Significant commercial potential of mesdopetam
To provide guidance for a future launch of mesdopetam in the US and Europe, we have recently conducted in-depth market research in both regions. The results show a high willingness to pay from healthcare organizations and a significant commercial potential for mesdopetam in these regions. This is gratifying and strengthens our conviction that mesdopetam can gain a prominent position in the future treatment of Parkinson’s disease.
Two new patents granted
In mid-September, we received two new patents granted for mesdopetam in Europe and pirepemat in the US. The granted patents extend the already strong patent protections that we have for these drug candidates, which is very positive for the value of the projects. These successes are an acknowledgement of our innovation power and the quality of the long-term work that underpins everything we do.
Patient recruitment to the Phase IIb study of pirepemat completed
I would also like to highlight that we have now included all patients in our Phase IIb study of pirepemat, which is an important milestone for us. Pirepemat is being developed to improve balance and reduce the number of falls in people living with Parkinson’s disease.
Blinded data for those who have undergone the study so far show that the number of falls is reduced by about one third compared to the observations during the baseline period. However, as this is a double-blind study, it is not yet possible to determine how the effect differs between the patients treated with pirepemat and those who received placebo. Therefore, it is currently not possible to draw any conclusions about the effect of pirepemat on the fall frequency. We are now looking forward to completing the study and preparing for the next phase of this project.

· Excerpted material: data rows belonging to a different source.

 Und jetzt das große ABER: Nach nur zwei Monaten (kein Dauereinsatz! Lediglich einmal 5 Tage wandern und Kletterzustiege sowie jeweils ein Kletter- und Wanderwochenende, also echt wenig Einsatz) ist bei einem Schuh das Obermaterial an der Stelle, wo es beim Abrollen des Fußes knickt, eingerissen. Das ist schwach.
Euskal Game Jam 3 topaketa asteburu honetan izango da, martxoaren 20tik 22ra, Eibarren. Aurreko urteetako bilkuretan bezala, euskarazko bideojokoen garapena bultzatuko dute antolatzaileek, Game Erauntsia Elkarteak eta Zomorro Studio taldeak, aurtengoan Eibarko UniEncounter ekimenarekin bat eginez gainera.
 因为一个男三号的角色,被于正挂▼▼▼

First part of Phase I study with IRL757 completed
We have successfully completed the first part of our first clinical Phase I study with the drug candidate IRL757 that is progressing towards treatment of apathy – a condition that affects millions of patients with neurodegenerative diseases worldwide.

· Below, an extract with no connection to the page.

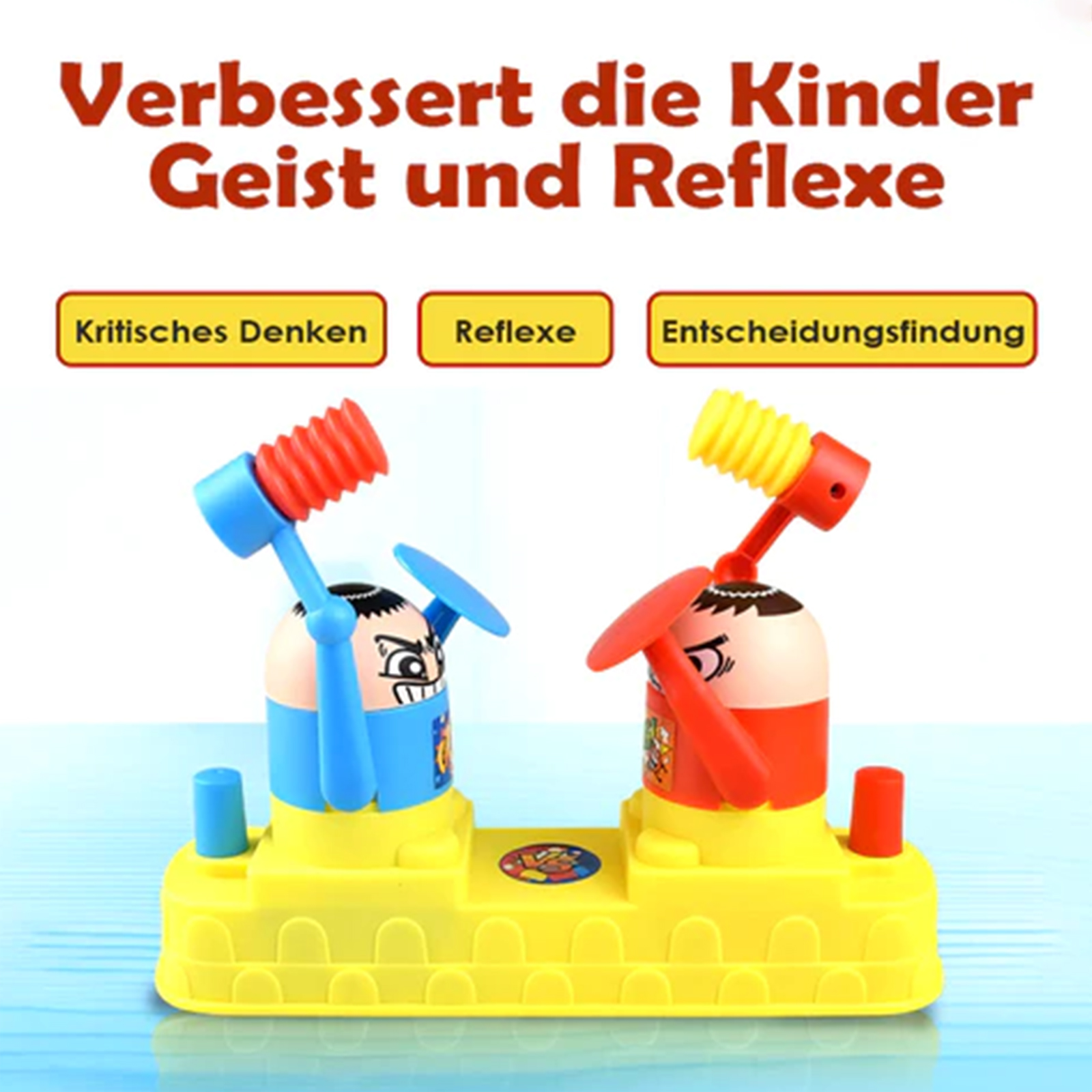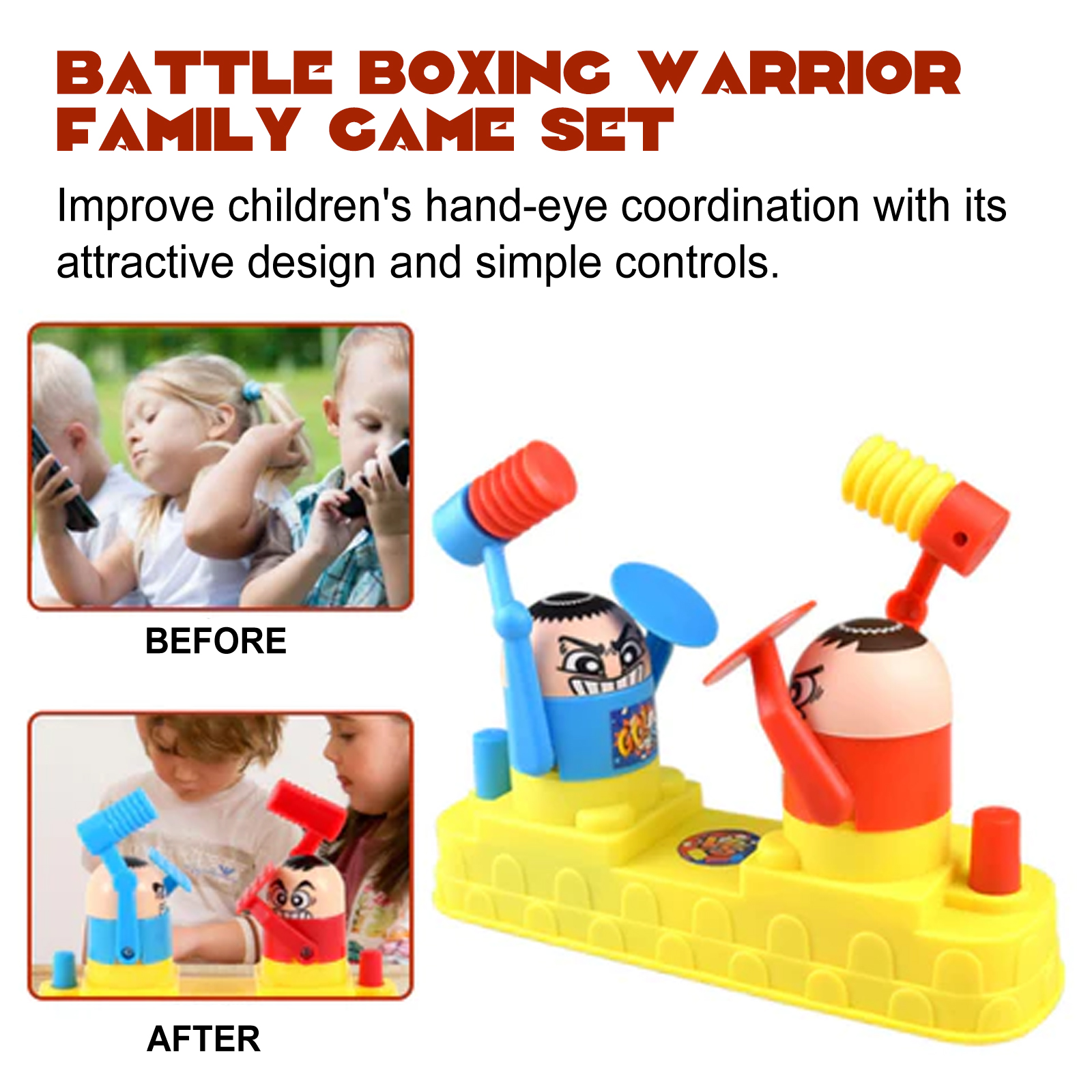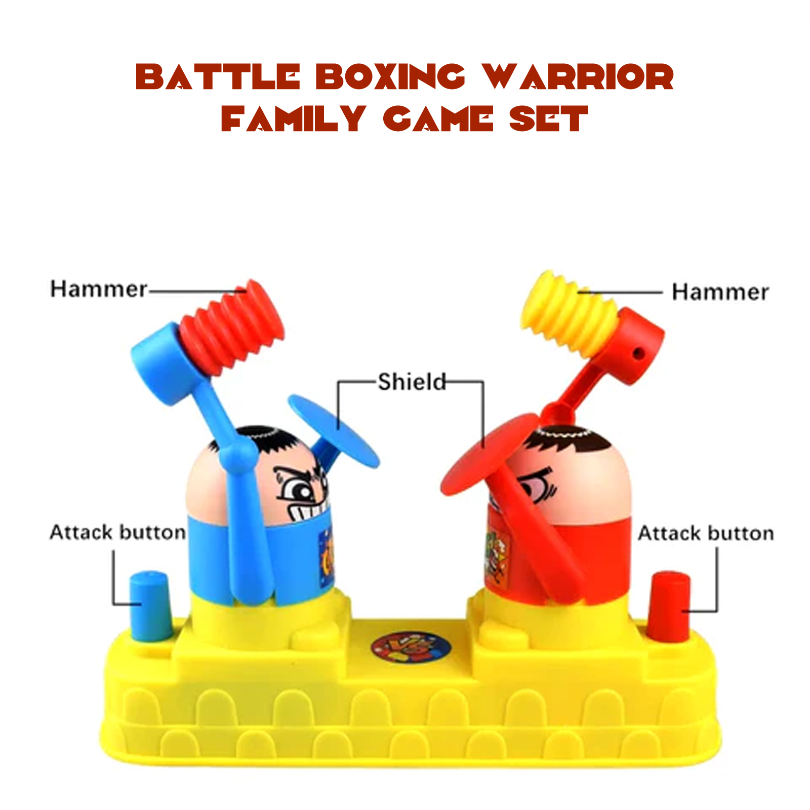 我们的战斗拳击战士家庭游戏套装含有Abs塑料,聚丙烯。它可以通过互动游戏鼓励早期学习,帮助孩子发展协调性和快速反应能力。它的使用方法很简单:开始游戏,并按下后面的红色(蓝色)按钮的小人攻击,攻击时使用锤子打击对手,释放按钮使用盾牌来防御,抓住对手松开盾牌并击中对手头部的瞬间,对手的头被弹开,你就赢了。可以通过其吸引人的设计和简单的控制,提高儿童的手眼协调能力。

The results show that the drug candidate provides good exposure in the body and has a favorable safety profile, which bodes well for the continued clinical development. We are now continuing with the second sub-study, in which the study partici-pants receive repeated and increasing doses.

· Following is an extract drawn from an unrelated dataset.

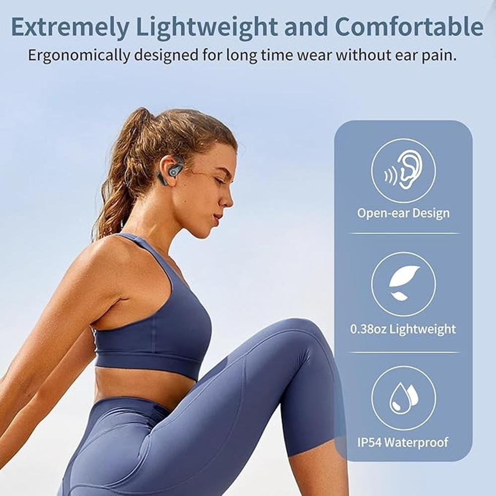 - Extreme Comfortable Open Ear DesignOpen-ear headphone designed is ergonomically, keeps the ear canal clean does not harm the eardrum, comfortable secure fit that around the ears for hours of working The single open ear earbuds weigh only 10g and is extremely lightweight, ear hooks are made of silicone and wont shift or fall off during sports and there are no cables to bind Open-ear buds design allows to be aware of surroundings when listening to your favorite music.
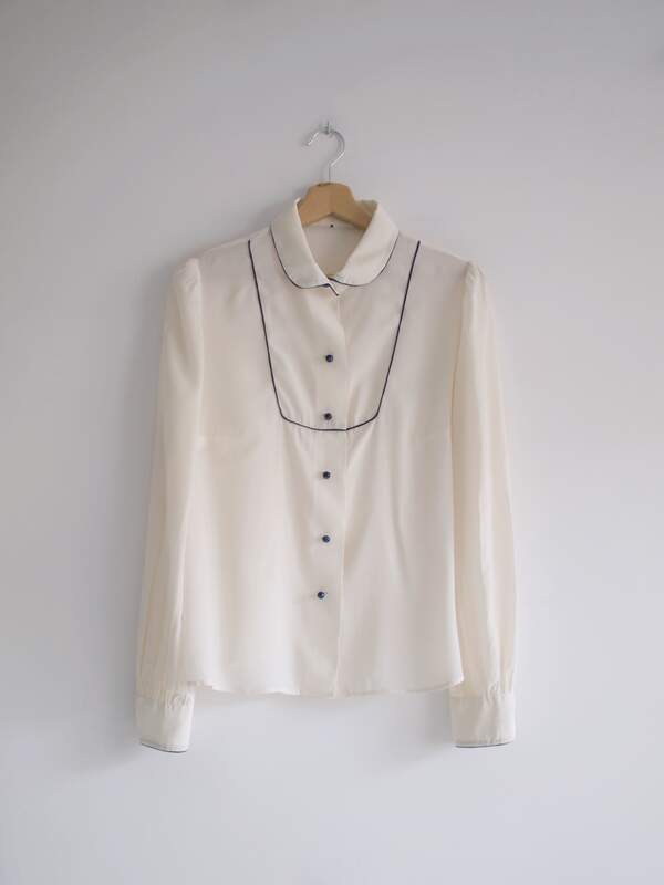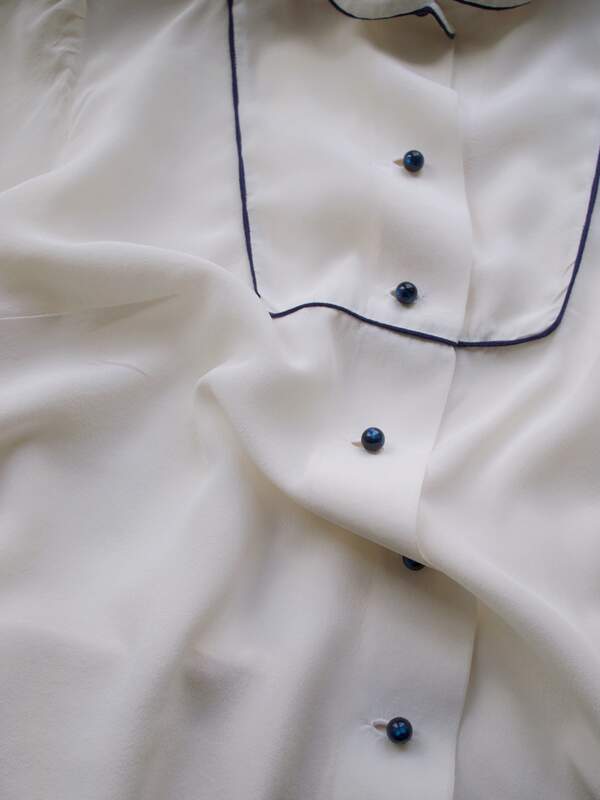 Unikatowa koszula vintage, szyta w paryskim atelier. Zapinana na okrągłe opalizujące guziki. Przepiękna perełka vintage.

At the beginning of October, we also initiated dosing in another clinical Phase I study with the drug candidate in healthy older people. With the start of the study, we received a milestone payment of USD 2.5 million from our development partner MSRD. We are very pleased to be able to complement the clinical development program of IRL757 with this study, as the majority of those affected by apathy are elderly.
Strengthened position for IRLAB
The third quarter of the year has now ended, and we have further strengthened our position, where the success of our projects brings us closer to new and better treatments for people with Parkinson’s disease – a disease that affects millions of people worldwide.
During the quarter, I have had the opportunity to meet many of our investors and other stakeholders. These meetings have been valuable, not only to share our strategy and progress, but also to listen and understand what expectations are placed on us going forward. I appreciate the dialogue and openness shown by investors, and I look forward to continuing these conversations on our shared journey forward.
We have an exciting time ahead of us where I look forward to continuing to drive, together with our strong team, the development of the company and our portfolio of pioneering drug candidates in the Parkinson’s area.